Optimal design and operation of HMs removal from soil by EDDS enhanced washing
The subject of the present research work is the optimization of soil-washing processes applied to heavy metal contaminated soils.
The work focuses on the whole cycle of the soil washing technology, including the possible recovery and the proper disposal of the used washing solution.
Both the design and the exploitation of a soil washing treatment are investigated, in order to maximize their efficacy, in terms of cost and process efficiency. At this aim process parameters and reactor configurations are studied in details through lab-scale tests, and the observed kinetics are simulated through mathematical modeling.
Soil samples used for the experimental activity were collected from an agricultural field located in Southern Italy, mainly contaminated by copper.
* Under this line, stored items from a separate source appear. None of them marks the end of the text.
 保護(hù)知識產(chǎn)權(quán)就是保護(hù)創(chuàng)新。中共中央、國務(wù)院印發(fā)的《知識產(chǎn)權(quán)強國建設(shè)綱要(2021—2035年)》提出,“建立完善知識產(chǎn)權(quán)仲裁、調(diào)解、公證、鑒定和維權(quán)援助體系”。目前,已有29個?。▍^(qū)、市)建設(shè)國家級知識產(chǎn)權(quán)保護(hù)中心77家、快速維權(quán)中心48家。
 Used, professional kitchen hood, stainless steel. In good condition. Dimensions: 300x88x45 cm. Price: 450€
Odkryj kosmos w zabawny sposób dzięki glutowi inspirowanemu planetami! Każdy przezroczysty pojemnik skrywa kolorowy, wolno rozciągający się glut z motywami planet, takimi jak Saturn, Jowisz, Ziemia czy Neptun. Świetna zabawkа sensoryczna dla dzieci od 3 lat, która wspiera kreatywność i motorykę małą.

Among several Aminopolycarboxylate (APC) chelating agents, Ethylenediamine-N,N’-disuccinic acid (EDDS) was selected, for its recognized biodegradability, widely reported in literature, and its efficiency as extracting agent towards several heavy metals, including Cu that was selected as main model metal in this thesis.
Literature review allowed determining the two most important process parameters to be investigated for washing optimization. The two parameters were identified as EDDS:Cu molar ratio and liquid to soil ratio (L/S). In order to investigate the effect of these parameters on process kinetics and Cu extraction yield, batch washing tests in completely stirred tank reactor configuration (CSTR) were carried out.
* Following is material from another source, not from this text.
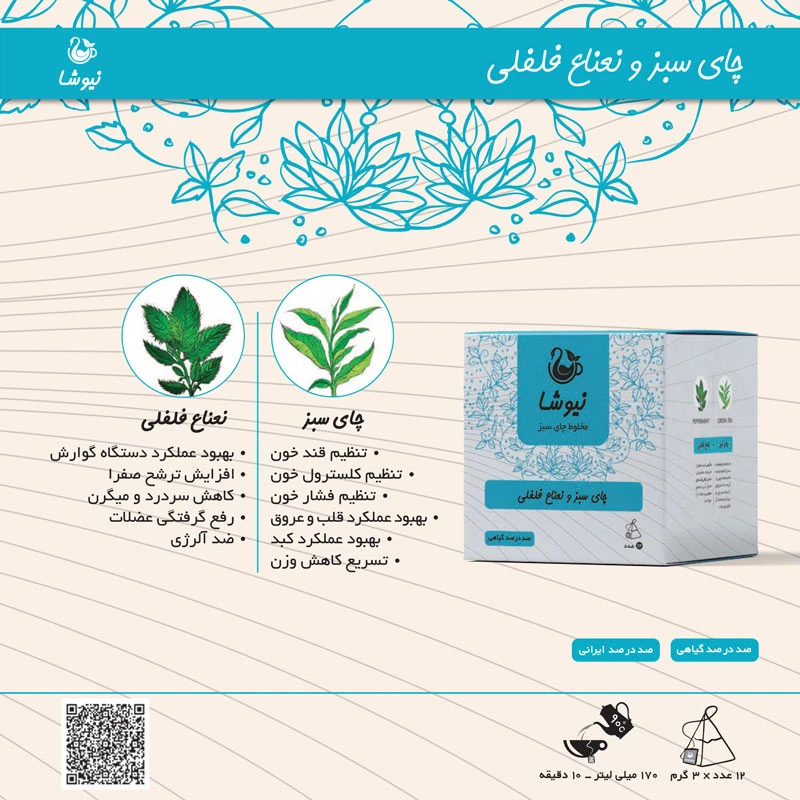 خواص سلامتی چای سبز و نعناع فلفلی مثلثی نیوشا

EDDS:Cu molar ratio increase was found to be able to enhance process efficiency more than L/S increase. Batch tests clearly displayed a first fast kinetic step at the beginning of the treatment, followed by a second slower kinetic extraction step, which lasted until the end of the treatment. According to this observation, an empirical mathematical model based on two-kinetic terms was formulated. Model parameters were firstly calibrated and then validated using two different sets of experimental data. The derived mathematical model was useful to assess the validity of the twokinetic steps process hypothesis, and to provide a tool for process efficiency prediction depending on EDDS:Cu molar ratio and treatment time.
Exploitation costs of the process were minimized studying different treatment configurations. In details two Plug-Flow configurations were analyzed and compared to the CSTR one. The two PlugFlow configurations were simulated using several reactors in series, varying the hydraulic retention time of the reactors, and fractionating the injection of the washing solution. Achieved results displayed improvements in terms of Cu extraction yield and process kinetics for the tested PlugFlow conditions compared to the CSTR one, and showed that the use of a Plug-Flow reactor allows to reduce the amount of required washing solution.
Finally, an electrochemical process was tested for the treatment and the recovery of the spent EDDS solution. Batch tests were carried out to optimize electrochemical process parameters (e.g. current density, washing solution pH and conductivity). The recovered solution was also used for a multiwashing test. Results proved the effectiveness of the electrochemical treatment for EDDS solution recovery and its potential application as technique for EDDS-enhanced soil washing costs reduction.